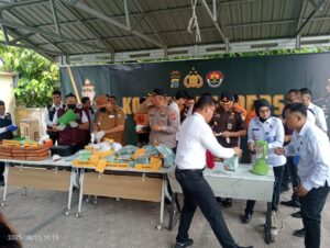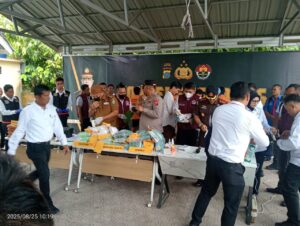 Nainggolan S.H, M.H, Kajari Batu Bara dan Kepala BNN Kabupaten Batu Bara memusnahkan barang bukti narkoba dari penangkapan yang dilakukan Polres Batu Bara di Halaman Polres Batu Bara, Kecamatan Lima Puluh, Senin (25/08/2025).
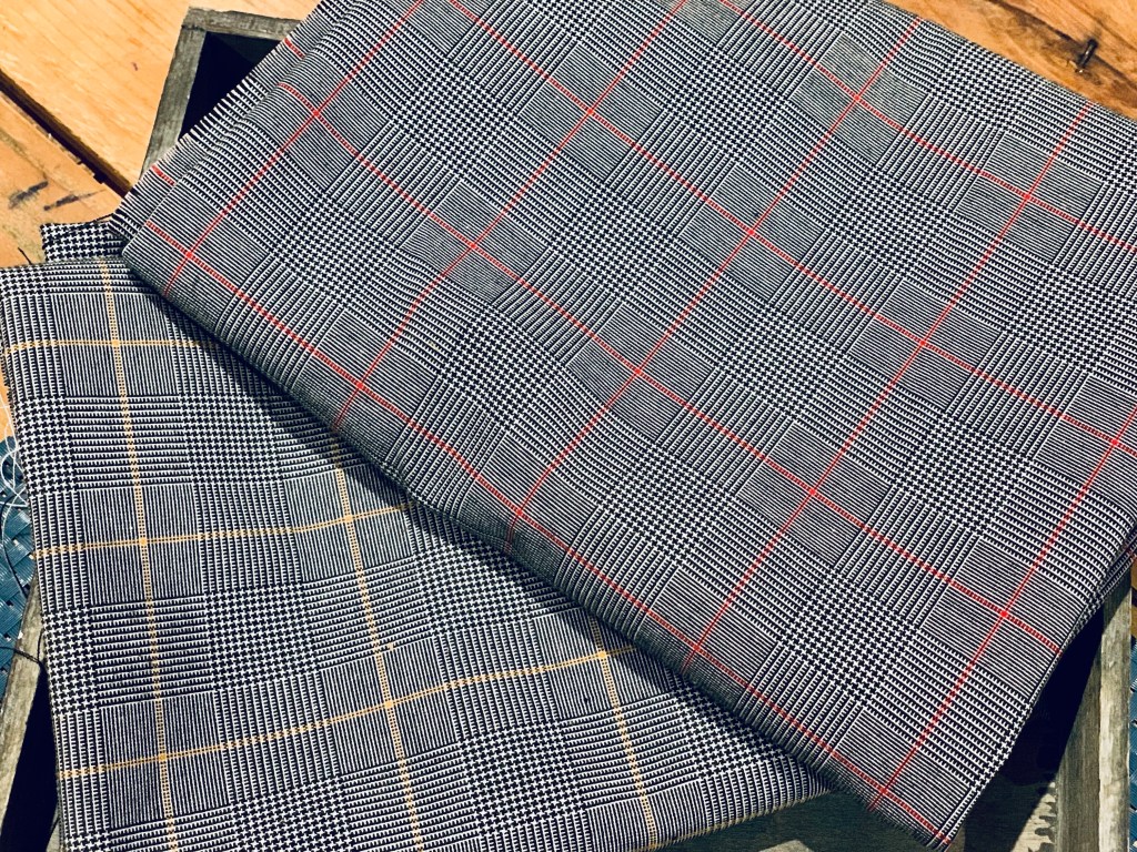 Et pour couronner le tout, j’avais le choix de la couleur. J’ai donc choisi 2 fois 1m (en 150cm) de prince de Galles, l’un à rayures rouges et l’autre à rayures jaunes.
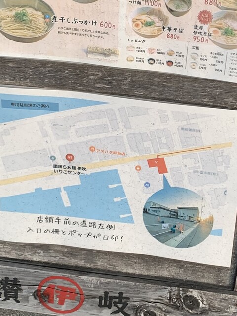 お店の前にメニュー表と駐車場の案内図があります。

◇ ◇ ◇ ◇ ◇

**Exercise**
The material above is to be transcribed exactly, with its images omitted.

**Response below**
 Nainggolan S.H, M.H, Kajari Batu Bara dan Kepala BNN Kabupaten Batu Bara memusnahkan barang bukti narkoba dari penangkapan yang dilakukan Polres Batu Bara di Halaman Polres Batu Bara, Kecamatan Lima Puluh, Senin (25/08/2025).
 Et pour couronner le tout, j’avais le choix de la couleur. J’ai donc choisi 2 fois 1m (en 150cm) de prince de Galles, l’un à rayures rouges et l’autre à rayures jaunes.
 お店の前にメニュー表と駐車場の案内図があります。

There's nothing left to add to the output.